The party's selection process of co-convenor Maggie Chapman as lead candidate in the North East Scotland region for the 2016 election attracted controversy. After she won selection by local members in late 2015, some members started a petition calling for her de-selection and replacement with a local candidate, whose signatures included fellow list candidates Green councillor Martin Ford and former Green councillor Debra Storr, as well as former Green MSP Shiona Baird.[79] Then, allegations emerged of ballot irregularities in the selection process, although they were dismissed by the party's Elections and Campaigns Committee.[80] There was also controversy around claims Chapman had pretended to have a doctorate, although the party claimed it was an administrative error.[81]

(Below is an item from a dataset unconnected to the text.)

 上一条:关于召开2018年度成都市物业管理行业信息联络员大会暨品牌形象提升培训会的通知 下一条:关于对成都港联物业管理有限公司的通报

The party's national council ruled that the ballot result was the "settled will of the party" and told Ford and Storr to cease contesting it or resign as candidates.[82][83] Both chose to resign both as candidates and party members.

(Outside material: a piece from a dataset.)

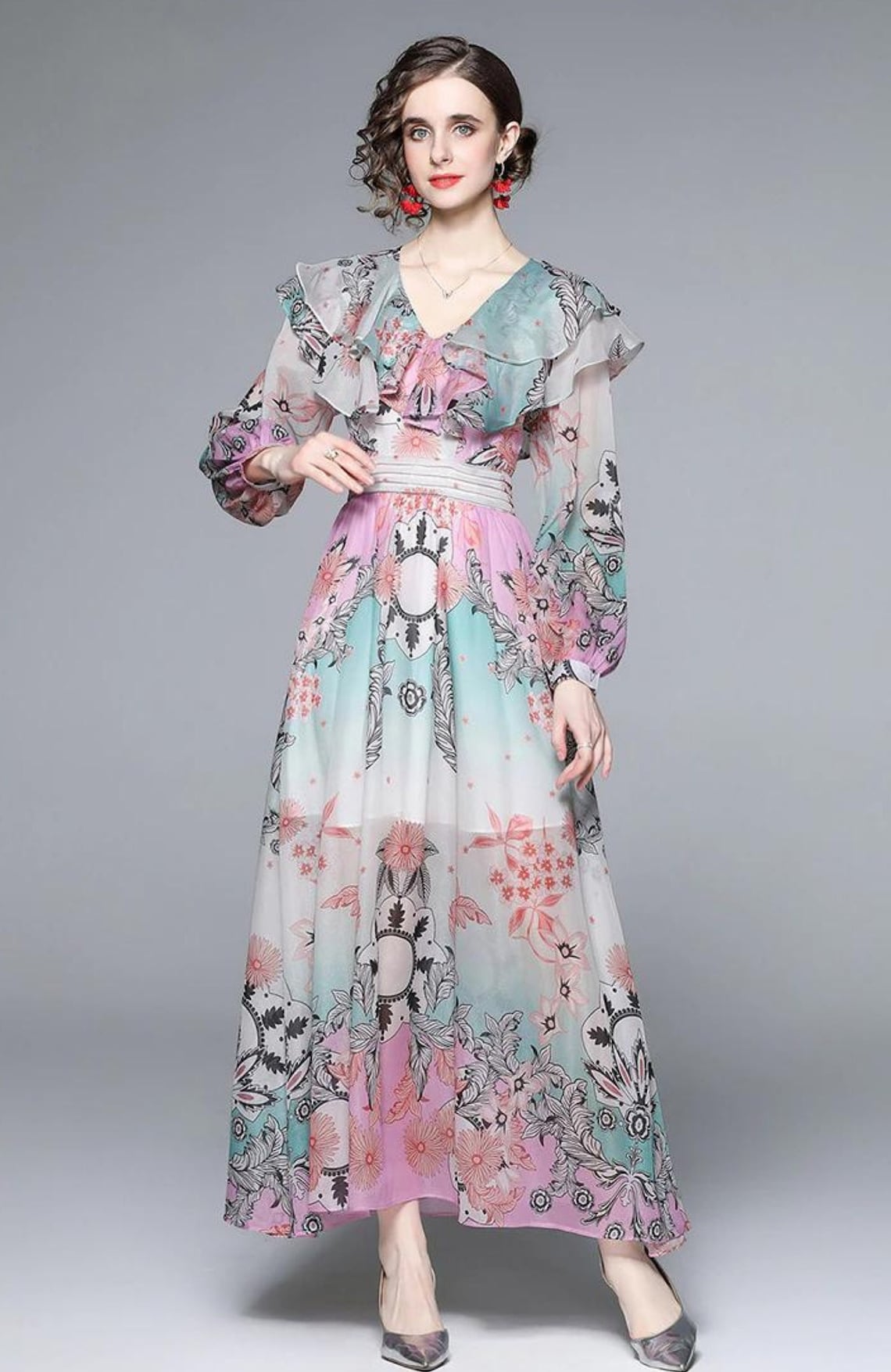 2018 Long Sleeve O Neck Floral Print Maxi Dresses Women Maxi Chiffon

Brexit and 2016 Scottish Parliament election
In the leadup to the 2016 Scottish Parliament election, the party campaigned with a focus on tax-rises for the rich, with co-convneor Patrick Harvie saying it would be “agenda item one” in any post-election talks with the SNP.[84] The party's key message was that "a better Scotland needs a bolder Holyrood" and the party aimed to elect 7 MSPs[85][86] In the next parliament, Greens set out to be the SNP's "constructive opposition".
In the 2016 Scottish Parliament election, the party won 6 more seats, its best result since 2003.[87] The result pushed the party ahead of the Scottish Liberal Democrats in seat numbers, making it the fourth-largest party for the first time.[88] The Scottish Greens also elected the youngest MSP ever, Ross Greer at the age of 21.[89]
In February 2015, the party announced that it would field candidates in 32 seats for the 2015 United Kingdom general election with 40% of their candidates being women.[93] In 2017 the party generated some controversy by standing only 3 candidates at the general election.[94] In the 2019 general election they contested significantly more seats in 22 constituencies. They failed to win any seats and lost their deposit in every contest.
Inaugural co-leaders and first Green ministers (2019–present)
Leadup to the 2021 Scottish Parliament election
The Scottish Greens contested the 2019 European Parliament election in the United Kingdom, with co-convenor Maggie Chapman as lead candidate and rising stars Lorna Slater and Gillian Mackay also on the list.[96] The party campaigned on a message of a "just and welcoming Scotland at the heart of Europe" but failed to elect any MEPs despite other Green parties having significant success across Europe.
2021 Scottish Parliament election and power-sharing agreement
In the 2021 Scottish Parliament election the party won a record eight Holyrood seats.[97]Alison Johnstone was one of the eight MSPs elected for the Scottish Greens in the election, however on 13 May 2021 she gave up her party affiliation in order to become Holyrood's Presiding Officer as the position is a politically neutral role.[98] Thus the party's number of elected representatives in the Scottish Parliament was reduced from 8 MSPs to 7.
After two months of negotiations, on 20 August 2021, the Scottish Greens announced a new power-sharing agreement with the SNPScottish Government.[12][99][100] While not an official coalition, for the first time in Scottish and UK history it offered the Greens two ministerial posts.[101][102][103] The agreement will see both parties pledge for a second referendum on Scottish independence, an increase investment in active travel and public transport, enhancing tenants rights, a ten-year £500m Just Transition and establishing a National Care Service.[104][105]
Some commentators on the left praised the agreement for its commitments to railway decarbonisation, rent controls and a just transition fund for the North East of Scotland.[106]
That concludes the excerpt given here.